All lines in the records that carry the string "blue" are to be shown.
══ ENTRIES PROVIDED ══
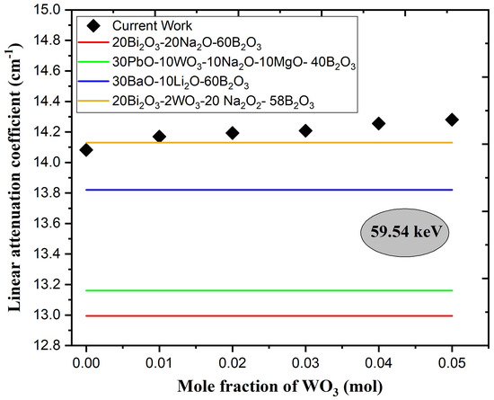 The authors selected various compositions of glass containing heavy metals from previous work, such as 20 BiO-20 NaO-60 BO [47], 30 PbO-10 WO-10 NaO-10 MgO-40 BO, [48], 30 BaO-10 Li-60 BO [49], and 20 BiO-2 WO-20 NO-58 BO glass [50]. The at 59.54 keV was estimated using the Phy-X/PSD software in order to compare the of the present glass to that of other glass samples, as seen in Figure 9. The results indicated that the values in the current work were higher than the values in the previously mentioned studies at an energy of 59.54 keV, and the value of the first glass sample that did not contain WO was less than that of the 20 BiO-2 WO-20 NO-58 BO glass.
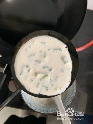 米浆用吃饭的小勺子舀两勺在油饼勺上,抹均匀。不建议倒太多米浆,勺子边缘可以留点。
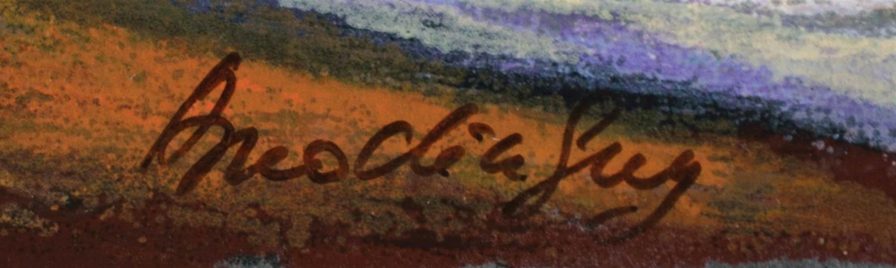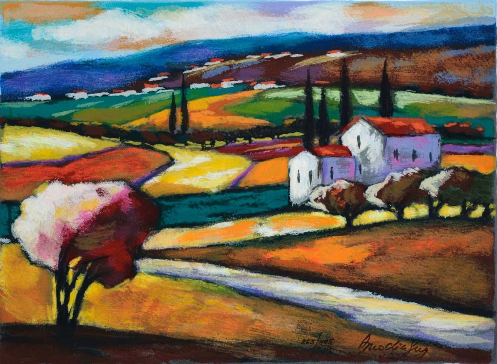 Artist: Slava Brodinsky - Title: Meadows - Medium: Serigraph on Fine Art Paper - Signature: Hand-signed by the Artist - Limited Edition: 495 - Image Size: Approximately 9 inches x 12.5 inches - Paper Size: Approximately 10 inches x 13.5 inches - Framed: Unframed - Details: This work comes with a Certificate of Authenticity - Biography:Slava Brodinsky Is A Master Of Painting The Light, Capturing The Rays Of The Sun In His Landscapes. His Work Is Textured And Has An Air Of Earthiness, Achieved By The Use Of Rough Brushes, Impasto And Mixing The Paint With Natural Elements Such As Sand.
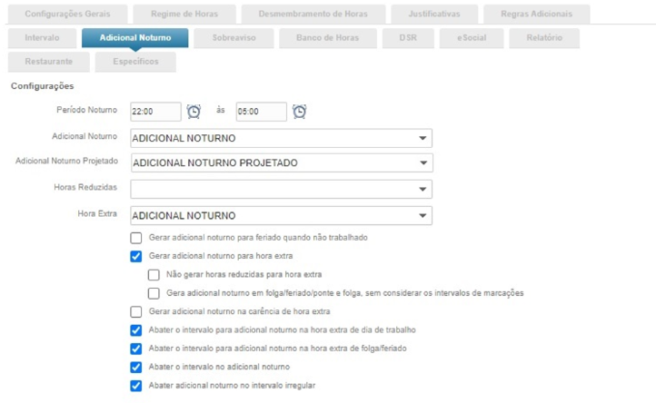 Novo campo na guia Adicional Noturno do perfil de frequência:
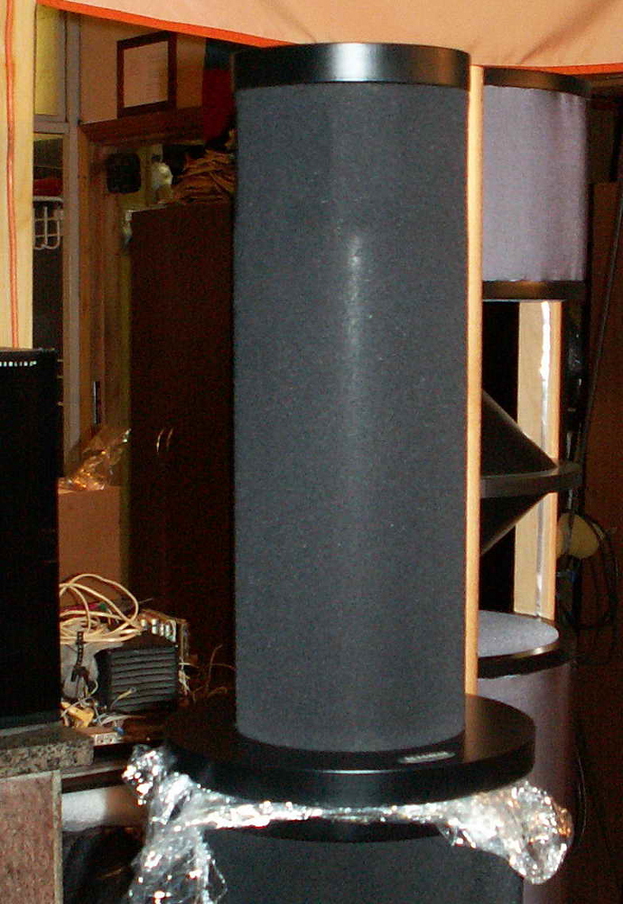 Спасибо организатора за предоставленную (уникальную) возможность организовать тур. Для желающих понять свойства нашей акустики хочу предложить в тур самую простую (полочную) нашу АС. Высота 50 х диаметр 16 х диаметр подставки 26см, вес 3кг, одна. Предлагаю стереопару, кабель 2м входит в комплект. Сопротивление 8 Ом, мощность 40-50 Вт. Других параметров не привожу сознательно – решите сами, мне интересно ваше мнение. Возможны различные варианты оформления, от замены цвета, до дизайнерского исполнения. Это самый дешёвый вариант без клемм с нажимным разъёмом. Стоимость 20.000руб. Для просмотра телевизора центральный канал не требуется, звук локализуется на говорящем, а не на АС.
═══
══ ENTRIES PROVIDED ══
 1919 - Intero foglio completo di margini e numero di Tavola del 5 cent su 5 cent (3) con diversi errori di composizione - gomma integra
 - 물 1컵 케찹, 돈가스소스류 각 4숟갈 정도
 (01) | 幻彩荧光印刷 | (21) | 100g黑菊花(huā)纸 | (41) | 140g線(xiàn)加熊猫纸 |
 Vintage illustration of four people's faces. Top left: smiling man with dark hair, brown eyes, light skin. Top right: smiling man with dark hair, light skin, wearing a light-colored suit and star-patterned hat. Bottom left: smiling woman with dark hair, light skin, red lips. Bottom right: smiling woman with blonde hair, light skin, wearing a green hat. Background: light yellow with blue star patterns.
═══
══ ENTRIES PROVIDED ══
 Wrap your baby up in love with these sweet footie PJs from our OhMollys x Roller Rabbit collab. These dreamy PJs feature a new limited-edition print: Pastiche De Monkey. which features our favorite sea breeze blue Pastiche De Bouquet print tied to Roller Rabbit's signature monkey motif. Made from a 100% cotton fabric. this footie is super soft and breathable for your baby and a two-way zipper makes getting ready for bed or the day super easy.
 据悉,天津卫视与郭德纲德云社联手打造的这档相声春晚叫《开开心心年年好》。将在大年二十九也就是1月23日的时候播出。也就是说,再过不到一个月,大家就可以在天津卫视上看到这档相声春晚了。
═══
RESPONSE BELOW:
 Vintage illustration of four people's faces. Top left: smiling man with dark hair, brown eyes, light skin. Top right: smiling man with dark hair, light skin, wearing a light-colored suit and star-patterned hat. Bottom left: smiling woman with dark hair, light skin, red lips. Bottom right: smiling woman with blonde hair, light skin, wearing a green hat. Background: light yellow with blue star patterns.
 Wrap your baby up in love with these sweet footie PJs from our OhMollys x Roller Rabbit collab. These dreamy PJs feature a new limited-edition print: Pastiche De Monkey. which features our favorite sea breeze blue Pastiche De Bouquet print tied to Roller Rabbit's signature monkey motif. Made from a 100% cotton fabric. this footie is super soft and breathable for your baby and a two-way zipper makes getting ready for bed or the day super easy.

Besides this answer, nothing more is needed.